YOUR OBJECTIVE:
Report the number of lines below in which the word "This" occurs. Nothing else is needed.

EXTRACTED INFORMATION:
════════
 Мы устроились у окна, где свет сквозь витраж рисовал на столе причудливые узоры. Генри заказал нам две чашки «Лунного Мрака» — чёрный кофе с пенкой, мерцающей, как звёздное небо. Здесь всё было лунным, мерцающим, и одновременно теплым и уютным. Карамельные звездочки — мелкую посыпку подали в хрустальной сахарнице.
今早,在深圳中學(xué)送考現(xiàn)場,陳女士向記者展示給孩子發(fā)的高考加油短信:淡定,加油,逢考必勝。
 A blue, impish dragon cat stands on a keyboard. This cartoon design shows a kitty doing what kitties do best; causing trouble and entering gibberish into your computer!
════════
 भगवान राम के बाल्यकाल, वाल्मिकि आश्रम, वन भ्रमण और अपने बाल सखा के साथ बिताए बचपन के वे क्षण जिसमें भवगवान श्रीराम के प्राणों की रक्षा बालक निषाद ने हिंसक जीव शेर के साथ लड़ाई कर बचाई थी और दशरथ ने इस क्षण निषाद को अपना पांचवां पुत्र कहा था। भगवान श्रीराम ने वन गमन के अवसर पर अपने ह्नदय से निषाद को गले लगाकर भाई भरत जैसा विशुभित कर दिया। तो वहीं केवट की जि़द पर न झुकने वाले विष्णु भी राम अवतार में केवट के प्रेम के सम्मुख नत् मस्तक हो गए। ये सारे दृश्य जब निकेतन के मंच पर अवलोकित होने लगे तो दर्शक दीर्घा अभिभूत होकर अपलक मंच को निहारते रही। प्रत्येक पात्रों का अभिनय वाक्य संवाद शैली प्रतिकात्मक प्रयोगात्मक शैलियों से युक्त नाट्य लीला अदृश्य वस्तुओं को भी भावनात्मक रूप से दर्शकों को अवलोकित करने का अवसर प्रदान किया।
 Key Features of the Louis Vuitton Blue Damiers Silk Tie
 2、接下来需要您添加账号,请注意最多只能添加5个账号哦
════════
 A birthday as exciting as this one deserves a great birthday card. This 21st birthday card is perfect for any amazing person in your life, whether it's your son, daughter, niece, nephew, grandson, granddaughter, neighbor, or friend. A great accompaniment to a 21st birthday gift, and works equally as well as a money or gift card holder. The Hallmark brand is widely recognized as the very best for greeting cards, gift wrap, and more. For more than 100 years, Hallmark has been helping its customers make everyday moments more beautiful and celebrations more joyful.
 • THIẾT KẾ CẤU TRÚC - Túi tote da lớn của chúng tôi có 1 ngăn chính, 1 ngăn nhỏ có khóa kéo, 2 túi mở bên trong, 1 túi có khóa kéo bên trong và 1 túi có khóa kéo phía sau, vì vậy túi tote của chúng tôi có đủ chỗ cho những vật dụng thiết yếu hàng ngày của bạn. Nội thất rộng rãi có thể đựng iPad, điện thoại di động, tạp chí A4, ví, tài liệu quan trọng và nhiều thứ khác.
════════
REPLY TO THE EXERCISE:
2